I have a stored procedure that returns a large result set (nearly 20 million records). I need to save this result to multiple XML files. I am currently using ADO.Net to fill a dataset, but it quickly throws System.OutOfMemoryException. What other methods that I can use to accomplish this?
-
2use an xml library that can stream. e.g. spit out xml without needing the entire data structure to be in memory/available. read a record, spit out an xml of that record, repeat. – Marc B Jun 07 '16 at 21:43
-
@Marc: I'm not quite following your idea. Do you have an example? I'm trying "For XML PATH" right now and it puts the result to a big huge XML. I'm looking for a way to split this to multiple XML records which I can write to XML files. – T L Jun 07 '16 at 22:15
-
1Rather than filling a `DataSet`, can you get an appropriate [`DataReader`](https://msdn.microsoft.com/en-us/library/haa3afyz.aspx) and stream from that to a file using an `XmlWriter`? – dbc Jun 08 '16 at 00:22
-
1I would use sqlcmd.exe that comes with SQL Server : https://msdn.microsoft.com/en-us/library/ms162773.aspx. 20M is not a very large output from SQL and can be very quick or can take up to an hour depending on the size of the SQL database and how the data is stored. When processing the command through c# can increase processing time 10x.I don't know how long your query takes, but if it is a long time I would recommend sqlcmd.exe.I have an application that was done in a c# form and the application froze.I ended up creating a backgroundworker that spawn a process calling sqlcmd.exe. Have code. – jdweng Jun 08 '16 at 03:31
-
1Do I understand this correctly: Your SP returns millions of rows. You want to write the result in many separate XML files? Correct? What is the grouping decision? How are the files separated (kind of *one per customer*...)? – Shnugo Jun 08 '16 at 07:26
-
My SQL query takes around 15 minutes. Follow this post http://stackoverflow.com/questions/13982871/tsql-one-row-per-element-with-for-xml, I am able to break these records to a few hundred records of XML which I can write to XML files. However, when calling the stored procedure from c#, I still get timeout exception even though I set connection timeout = 60000. – T L Jun 08 '16 at 16:16
-
1@TL, is there a decent criterium to separate your groups? I just imaging something like *per month* or *per customer* or *per product* or similar... In this case you might add an indexed column with your group distinguisher and load the data group by group? The simplest was a running number and load ranges... In any case you should not do a *load all and prepare the XML files* approach... You might use a table valued function better than a stored procedure, that depends... From SS2012 you might read about `OFFSET FETCH` – Shnugo Jun 08 '16 at 19:54
-
Thanks @Shnugo. The data is separated by Vendor/Customer as you said. I was doing the SQL For XML PATH to get a list of about 100 XML rows. One per Vendor/Customer. Even so, I still get OutOfMemoryException when I try to retrieve the XML data to write to a file. I think I will try option /3Gb next. – T L Jun 08 '16 at 20:39
2 Answers
Are you using sql server ?
in this case there is a sql instruction to automatically convert the result of a query into a xml structure, you would then get it as a string in the application.
Options :
you split the string into several ones and save them to files (in the app)
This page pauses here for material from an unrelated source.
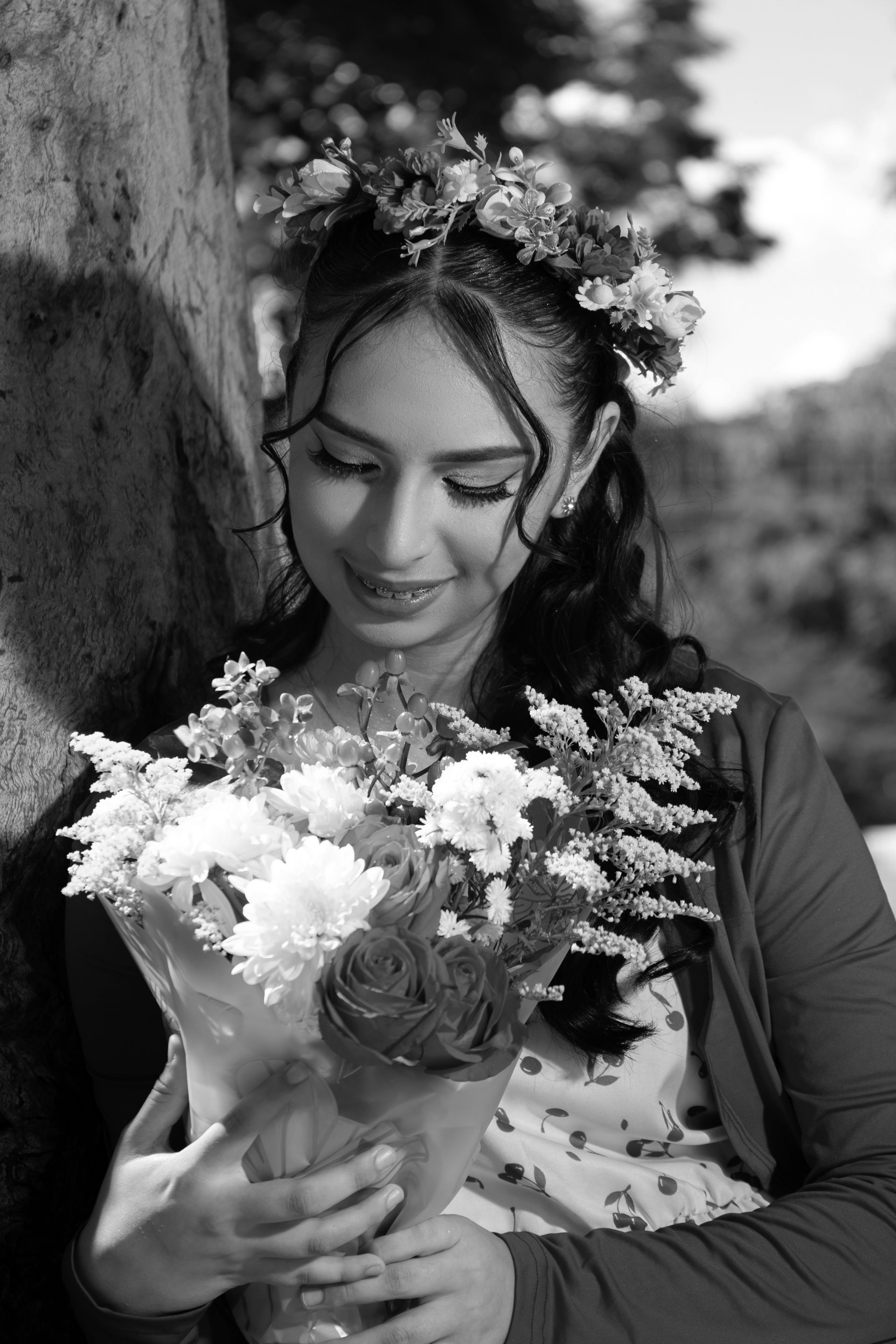 We took the photographs in a park because the girl wanted them to be outdoors since she loves nature. For that reason, we started the first photographs in a very beautiful way, with a bouquet of flowers:

modify PS to split result into several xml objects then get them as different strings / row (1 row => 1 object) and save each of them into a file.
write a new PS that calls the original PS, split result into X xml objects, then returns X xml strings that you just have to save in the application
Not using sql server ?
do the XML formatting in the PS or write a new one that does it
Anyway, if think it will be easier to do the xml formatting server side

- 406
- 3
- 13
Assuming you are using SQL Server - you can use paging in your stored procedure. ROW_NUMBER is an option. SQL Server 2012 and above support OFFSET and FETCH.
Also, how many DataTables are you filling? There are row limits for DataTables.
The maximum number of rows that a DataTable can store is 16,777,216
https://msdn.microsoft.com/en-us/library/system.data.datatable.aspx

- 5,212
- 2
- 19
- 21